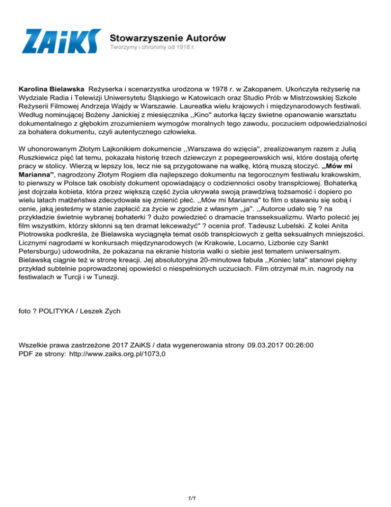Karolina Bielawska Reżyserka i scenarzystka urodzona w 1978 r. w Zakopanem. Ukończyła reżyserię na Wydziale Radia i Telewizji Uniwersytetu Śląskiego w Katowicach oraz Studio Prób w Mistrzowskiej Szkole Reżyserii Filmowej Andrzeja Wajdy w Warszawie. Laureatka wielu krajowych i międzynarodowych festiwali. Według nominującej Bożeny Janickiej z miesięcznika ,,Kino'' autorka łączy świetne opanowanie warsztatu dokumentalnego z głębokim zrozumieniem wymogów moralnych tego zawodu, poczuciem odpowiedzialności za bohatera dokumentu, czyli autentycznego człowieka. W uhonorowanym Złotym Lajkonikiem dokumencie ,,Warszawa do wzięcia'', zrealizowanym razem z Julią Ruszkiewicz pięć lat temu, pokazała historię trzech dziewczyn z popegeerowskich wsi, które dostają ofertę pracy w stolicy. Wierzą w lepszy los, lecz nie są przygotowane na walkę, którą muszą stoczyć. ,,Mów mi Marianna'', nagrodzony Złotym Rogiem dla najlepszego dokumentu na tegorocznym festiwalu krakowskim, to pierwszy w Polsce tak osobisty dokument opowiadający o codzienności osoby transpłciowej. Bohaterką jest dojrzała kobieta, która przez większą część życia ukrywała swoją prawdziwą tożsamość i dopiero po wielu latach małżeństwa zdecydowała się zmienić płeć. ,,Mów mi Marianna'' to film o stawaniu się sobą i cenie, jaką jesteśmy w stanie zapłacić za życie w zgodzie z własnym ,,ja''. ,,Autorce udało się ? na przykładzie świetnie wybranej bohaterki ? dużo powiedzieć o dramacie transseksualizmu. Warto polecić jej film wszystkim, którzy skłonni są ten dramat lekceważyć'' ? ocenia prof. Tadeusz Lubelski. Z kolei Anita Piotrowska podkreśla, że Bielawska wyciągnęła temat osób transpłciowych z getta seksualnych mniejszości. Licznymi nagrodami w konkursach międzynarodowych (w Krakowie, Locarno, Lizbonie czy Sankt Petersburgu) udowodniła, że pokazana na ekranie historia walki o siebie jest tematem uniwersalnym. Bielawską ciągnie też w stronę kreacji. Jej absolutoryjna 20-minutowa fabuła ,,Koniec lata'' stanowi piękny przykład subtelnie poprowadzonej opowieści o niespełnionych uczuciach. Film otrzymał m.in. nagrody na festiwalach w Turcji i w Tunezji. foto ? POLITYKA / Leszek Zych Wszelkie prawa zastrzeżone 2017 ZAiKS / data wygenerowania strony 09.03.2017 00:26:00 PDF ze strony: http://www.zaiks.org.pl/1073,0 1/1
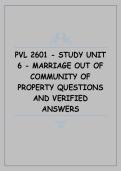 This document contains exam-focused questions with verified and accurate answers for Study Unit 6 of the PVL2601 Private Law course, covering marriage out of community of property. It addresses key concepts such as antenuptial contracts, exclusion of the community of property, accrual system principles, and the legal consequences for spouses’ estates.
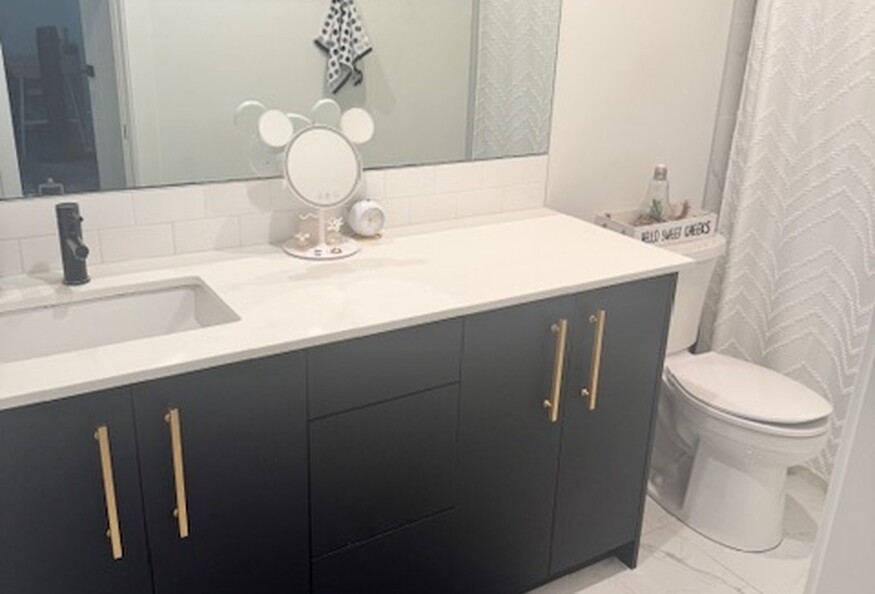 The apartment: Pearl white colour palette Soft closing cabinets Gas range Dishwasher In suite laundry Caesar stone counter tops & backsplash Undermount sink

------

- **WHAT IS NEEDED**
What you return should be the whole listing, word for word, without its pictures.

- **SOLUTION**
Karolina Bielawska Reżyserka i scenarzystka urodzona w 1978 r. w Zakopanem. Ukończyła reżyserię na Wydziale Radia i Telewizji Uniwersytetu Śląskiego w Katowicach oraz Studio Prób w Mistrzowskiej Szkole Reżyserii Filmowej Andrzeja Wajdy w Warszawie. Laureatka wielu krajowych i międzynarodowych festiwali. Według nominującej Bożeny Janickiej z miesięcznika ,,Kino'' autorka łączy świetne opanowanie warsztatu dokumentalnego z głębokim zrozumieniem wymogów moralnych tego zawodu, poczuciem odpowiedzialności za bohatera dokumentu, czyli autentycznego człowieka. W uhonorowanym Złotym Lajkonikiem dokumencie ,,Warszawa do wzięcia'', zrealizowanym razem z Julią Ruszkiewicz pięć lat temu, pokazała historię trzech dziewczyn z popegeerowskich wsi, które dostają ofertę pracy w stolicy. Wierzą w lepszy los, lecz nie są przygotowane na walkę, którą muszą stoczyć. ,,Mów mi Marianna'', nagrodzony Złotym Rogiem dla najlepszego dokumentu na tegorocznym festiwalu krakowskim, to pierwszy w Polsce tak osobisty dokument opowiadający o codzienności osoby transpłciowej. Bohaterką jest dojrzała kobieta, która przez większą część życia ukrywała swoją prawdziwą tożsamość i dopiero po wielu latach małżeństwa zdecydowała się zmienić płeć. ,,Mów mi Marianna'' to film o stawaniu się sobą i cenie, jaką jesteśmy w stanie zapłacić za życie w zgodzie z własnym ,,ja''. ,,Autorce udało się ? na przykładzie świetnie wybranej bohaterki ? dużo powiedzieć o dramacie transseksualizmu. Warto polecić jej film wszystkim, którzy skłonni są ten dramat lekceważyć'' ? ocenia prof. Tadeusz Lubelski. Z kolei Anita Piotrowska podkreśla, że Bielawska wyciągnęła temat osób transpłciowych z getta seksualnych mniejszości. Licznymi nagrodami w konkursach międzynarodowych (w Krakowie, Locarno, Lizbonie czy Sankt Petersburgu) udowodniła, że pokazana na ekranie historia walki o siebie jest tematem uniwersalnym. Bielawską ciągnie też w stronę kreacji. Jej absolutoryjna 20-minutowa fabuła ,,Koniec lata'' stanowi piękny przykład subtelnie poprowadzonej opowieści o niespełnionych uczuciach. Film otrzymał m.in. nagrody na festiwalach w Turcji i w Tunezji. foto ? POLITYKA / Leszek Zych Wszelkie prawa zastrzeżone 2017 ZAiKS / data wygenerowania strony 09.03.2017 00:26:00 PDF ze strony: http://www.zaiks.org.pl/1073,0 1/1
 This document contains exam-focused questions with verified and accurate answers for Study Unit 6 of the PVL2601 Private Law course, covering marriage out of community of property. It addresses key concepts such as antenuptial contracts, exclusion of the community of property, accrual system principles, and the legal consequences for spouses’ estates.
 The apartment: Pearl white colour palette Soft closing cabinets Gas range Dishwasher In suite laundry Caesar stone counter tops & backsplash Undermount sink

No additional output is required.